Stored data
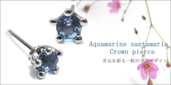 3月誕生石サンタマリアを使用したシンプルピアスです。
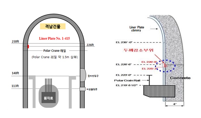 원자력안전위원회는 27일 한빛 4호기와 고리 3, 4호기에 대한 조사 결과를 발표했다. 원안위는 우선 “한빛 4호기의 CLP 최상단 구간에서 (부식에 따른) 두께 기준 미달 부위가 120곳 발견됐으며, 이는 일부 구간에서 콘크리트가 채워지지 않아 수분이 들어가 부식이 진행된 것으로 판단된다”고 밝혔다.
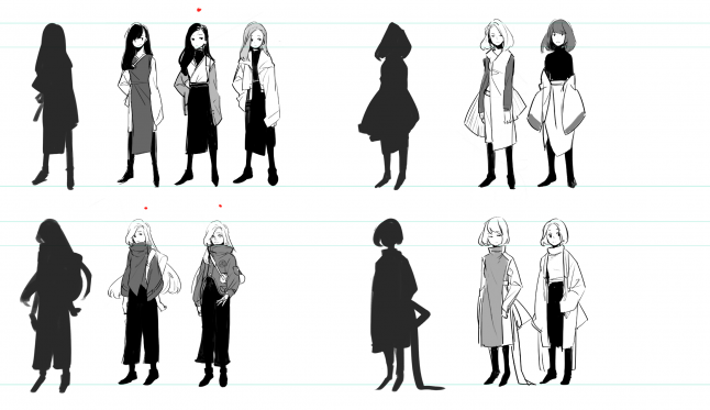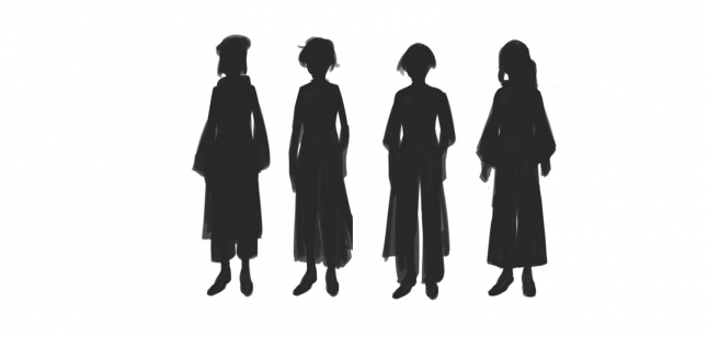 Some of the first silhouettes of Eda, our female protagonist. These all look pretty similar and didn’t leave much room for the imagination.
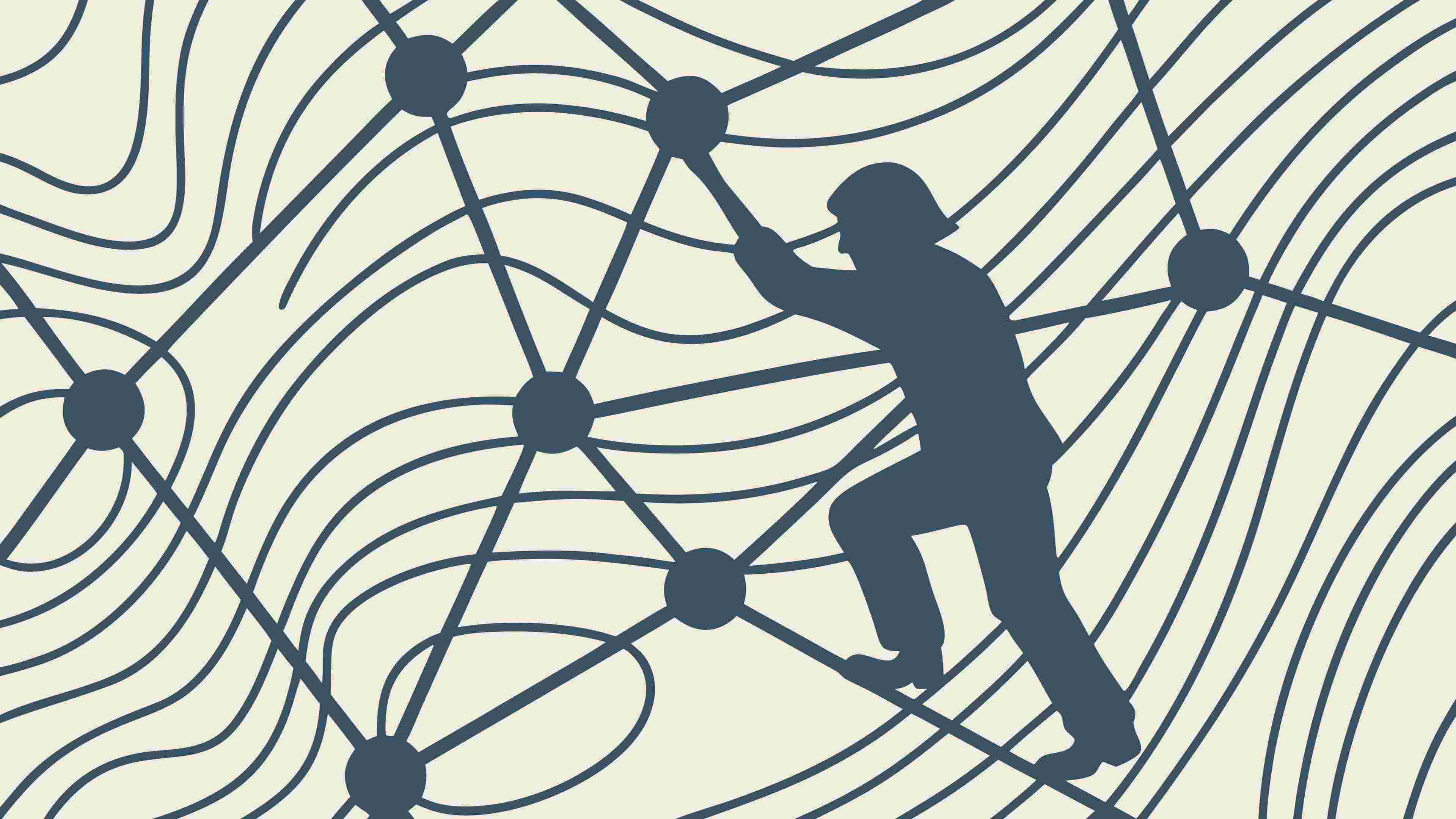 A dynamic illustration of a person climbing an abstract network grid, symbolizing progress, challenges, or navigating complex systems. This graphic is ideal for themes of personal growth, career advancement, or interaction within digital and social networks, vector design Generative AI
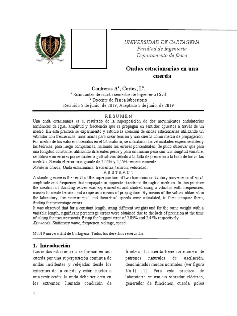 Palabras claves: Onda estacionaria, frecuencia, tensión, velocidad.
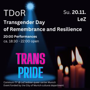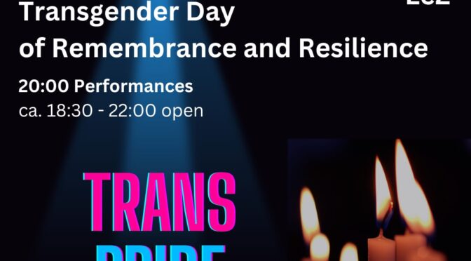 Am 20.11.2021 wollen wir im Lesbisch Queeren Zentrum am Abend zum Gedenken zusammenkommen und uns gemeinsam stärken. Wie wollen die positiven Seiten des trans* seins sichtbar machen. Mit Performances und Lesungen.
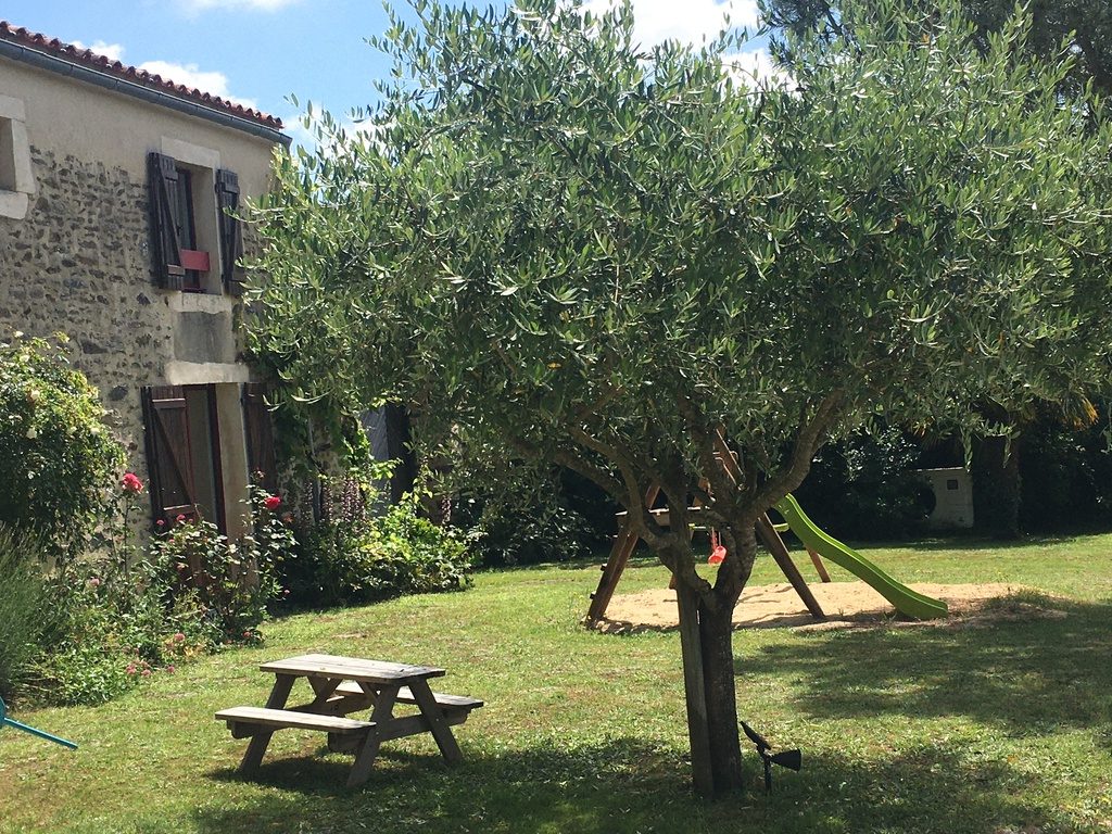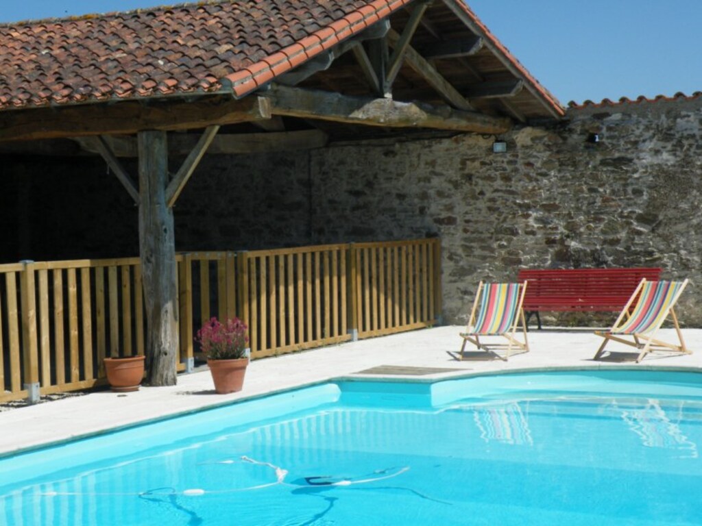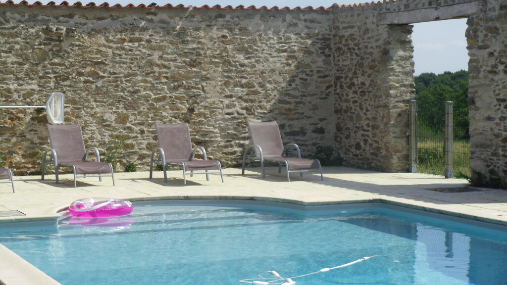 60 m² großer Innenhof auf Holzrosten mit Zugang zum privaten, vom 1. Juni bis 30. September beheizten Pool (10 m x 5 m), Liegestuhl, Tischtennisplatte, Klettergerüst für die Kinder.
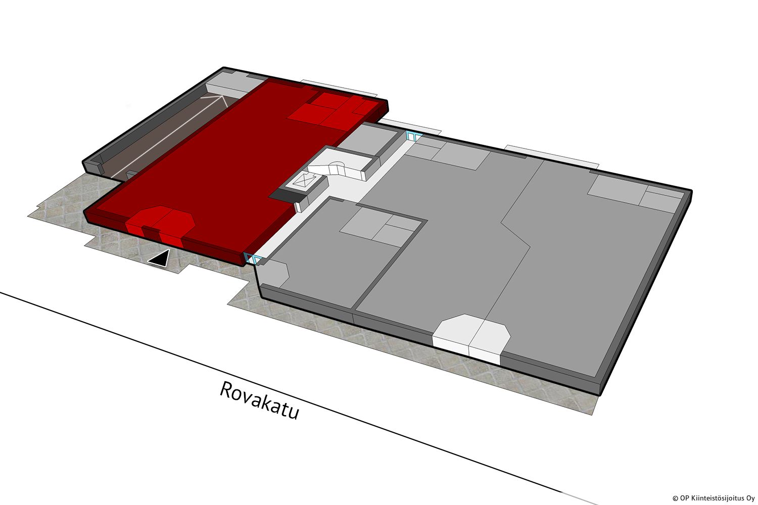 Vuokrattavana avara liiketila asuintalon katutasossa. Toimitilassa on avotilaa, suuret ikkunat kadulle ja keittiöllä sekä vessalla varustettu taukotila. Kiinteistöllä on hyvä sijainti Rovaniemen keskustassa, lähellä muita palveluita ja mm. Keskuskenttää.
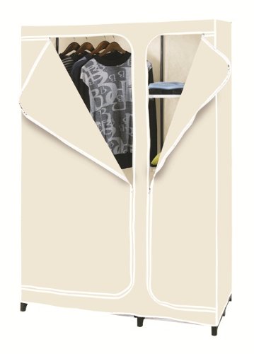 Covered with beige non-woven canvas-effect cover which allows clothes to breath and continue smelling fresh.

WORK REQUIRED: The entries above need to be repeated in full, word for word. Skip the images.

OUTPUT:
 3月誕生石サンタマリアを使用したシンプルピアスです。
 원자력안전위원회는 27일 한빛 4호기와 고리 3, 4호기에 대한 조사 결과를 발표했다. 원안위는 우선 “한빛 4호기의 CLP 최상단 구간에서 (부식에 따른) 두께 기준 미달 부위가 120곳 발견됐으며, 이는 일부 구간에서 콘크리트가 채워지지 않아 수분이 들어가 부식이 진행된 것으로 판단된다”고 밝혔다.
 Some of the first silhouettes of Eda, our female protagonist. These all look pretty similar and didn’t leave much room for the imagination.
 A dynamic illustration of a person climbing an abstract network grid, symbolizing progress, challenges, or navigating complex systems. This graphic is ideal for themes of personal growth, career advancement, or interaction within digital and social networks, vector design Generative AI
 Palabras claves: Onda estacionaria, frecuencia, tensión, velocidad.
 Am 20.11.2021 wollen wir im Lesbisch Queeren Zentrum am Abend zum Gedenken zusammenkommen und uns gemeinsam stärken. Wie wollen die positiven Seiten des trans* seins sichtbar machen. Mit Performances und Lesungen.
 60 m² großer Innenhof auf Holzrosten mit Zugang zum privaten, vom 1. Juni bis 30. September beheizten Pool (10 m x 5 m), Liegestuhl, Tischtennisplatte, Klettergerüst für die Kinder.
 Vuokrattavana avara liiketila asuintalon katutasossa. Toimitilassa on avotilaa, suuret ikkunat kadulle ja keittiöllä sekä vessalla varustettu taukotila. Kiinteistöllä on hyvä sijainti Rovaniemen keskustassa, lähellä muita palveluita ja mm. Keskuskenttää.
 Covered with beige non-woven canvas-effect cover which allows clothes to breath and continue smelling fresh.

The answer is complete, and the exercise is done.